Friday, July 23, 2010

The Flying Moleskins: Abstract Dreams





May You Soar
acrylic on paper
nfs

These are two pages for Dana Cooper, whose journal theme is dreams.  My dreams have been elusive lately, like shifting sand. A promise glimpsed of some distant, better future that dissolves when I try to understand its shape and content.  Fragments float, illuminated, forming landscapes both strange and somehow familiar. Echoes of joys remembered and not yet known.
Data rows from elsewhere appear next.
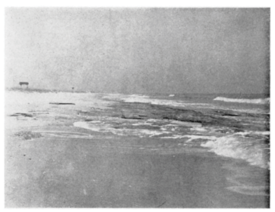
FIG. 6. Hurl Rock Beach, one mile southwest of Myrtle Beach, S. C. March 4, 1940. Exposure of coquina at the ocean's edge.

Many of the "older" citizens of Horry will remember Hearl Rocks. This beloved historc outcropping of rocks, mentioned in diaries from the 1700's, is no longer to be found along our seashore in Myrtle Beach. Was it simply covered with sand during one of the "Beach Renourishment" projects, or was it crushed and leveled by the massive bulldozers? For hundreds of years it was a place of wonderment and beauty to locals and visitors, yet it seems to have vanished without a mention. If you know exactly what happened to this historic natural feature please let us know. Also, if anyone has good pictures of the rocks at low tide, please share those pictures with us so that at least the images of that historic site can be preserved. Email: HorryCountyHistoricalSociety@gmail.com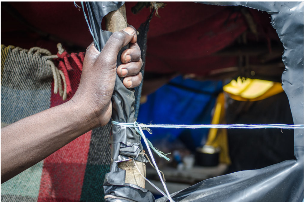
Figure 5: A Sudanese refugee in the Calais camp holds onto his ramshackle shelter, made from branches, string, and plastic bags [Colour figure can be viewed at wileyonlinelibrary.com ]

The architectural morphology of the camp was in a constant state of flux, with new refugees arriving daily and the regular construction of improvised shelters to escape the elements. Accommodation for the thousands of destitute residents consisted largely of ramshackle shelters made from scrap wood, branches and plastic sheeting as well as donated tents (see Figures 5 and 6). This too resulted in a slow violence on the refugee body: interviewees with breathing difficulties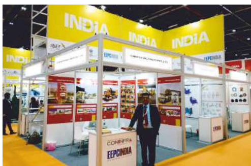
Big 5 Dubai 2016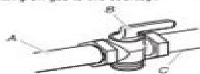
A. Gas supply line B. Shutoff valve "open" position C. To cooktop

The supply line must be equipped with a manual shutoff valve. This valve should be located in the same room but external to the cooktop enclosure or cabinet. It should be in a location that allows ease of opening and closing. Do not block access to shutoff valve. The valve is for turning on or shutting off gas to the cooktop.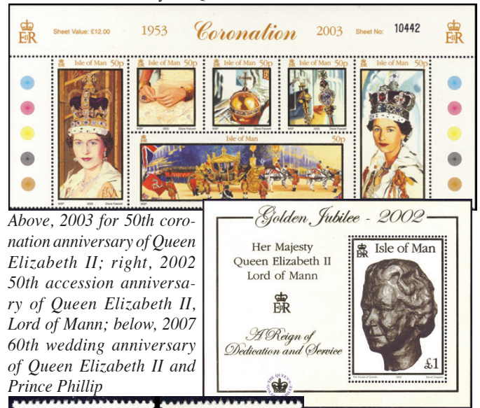
Above, 2003 for 50th coronation anniversary of Queen Elizabeth II; right, 2002 50th accession anniversary of Queen Elizabeth II, Lord of Mann; below, 2007 60th wedding anniversary of Queen Elizabeth II and Prince Phillip

The 75th birthday of Queen Elizabeth was celebrated in 2001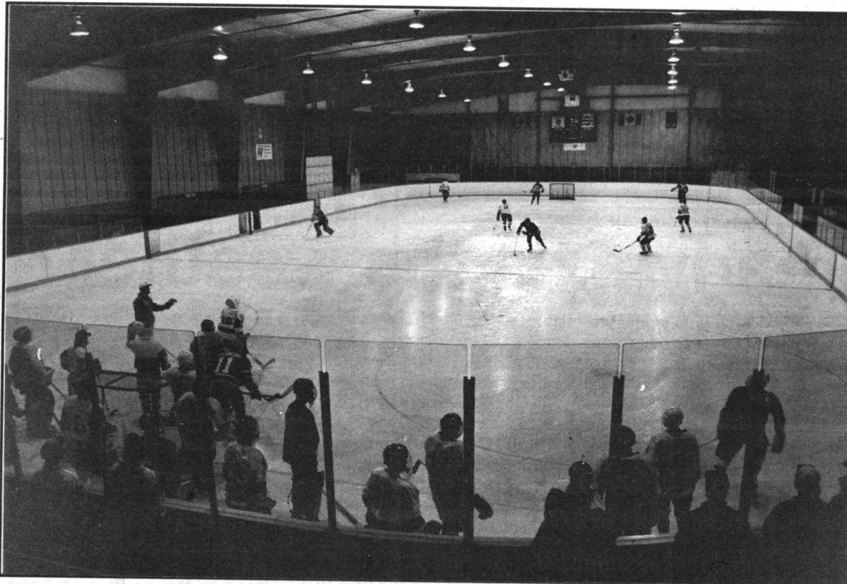
It was work, work and more work, (and little time for a breather) as Georgetown Chrysler Raiders brass checked out possible prospects at a three-night rookie tryout camp which got underway Tuesday night at Gordon Alcott Memorial Arena.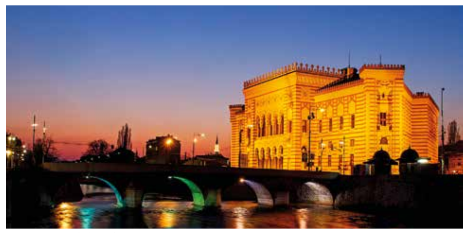
Vijecnica (st. Obala Kulina Bana)

After the opening ceremony, you are invited to the dinner at the Vijecnica (City Hall).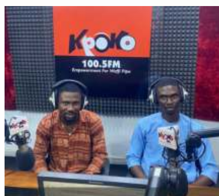
Delta ACPN World Malaria Day Radio Programme on the 25th of April, 2025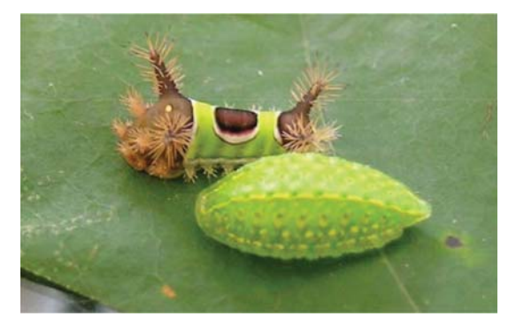
Fig. 1. Examples of a physically defended limacodid species, Acharia stimulea (upper left, with spines), and a cryptic limacodid species, Lithacodes fasciola (lower right, no spines). (Online figure in color.)

goal of this forum piece is to encourage a more inclusive approach to thinking about the ways EFS could affect the ecology and evolution of parasitoids and other carnivores.

Huge thanks to everyone who left such supportive comments on the show last month. We had a great turn-out despite the heat, and it was a success.   

Saturday, May 1, 2010

White Rose


"Promise"
24"x 24"
acrylic on Claybord


This is one of 6 florals that I have hanging in a group show at the Delaplaine Visual Arts and Education Center through the end of June.  I'd never worked on Ampersand's Claybord before. Boy, does is soak up some paint.  The brush would be dry before I'd completed a stroke.  I put out a FB plea, and Manon told me she usually seals it first.  Ah ha.  Good to know for future pieces.   

Many thanks to Don Dunsmore for a lovely reference photo.


Wednesday, April 7, 2010

Flying Moleskins - Camille, Richard and Matisse's Open Window

acrylic on paper
7"x 10 (2-pages)
nfs

For Camille Olsen, who's journal theme is peace.  Must be the tropical heat here in Maryland, because my colors got away from me and turned all lime and melon and banana, and I swear I'm hearing Calypso music. Camille and her husband are standing near a very rough rendition of my favorite Matisse painting. (Yep, more sailboats).  My apologies to the Olsens if I'm not close to a likeness. We haven't met, but rumor has it, both have wicked senses of humor and that they are a colorful and fun-loving pair.

Thanks for all of your comments on the last post.  I appreciate it!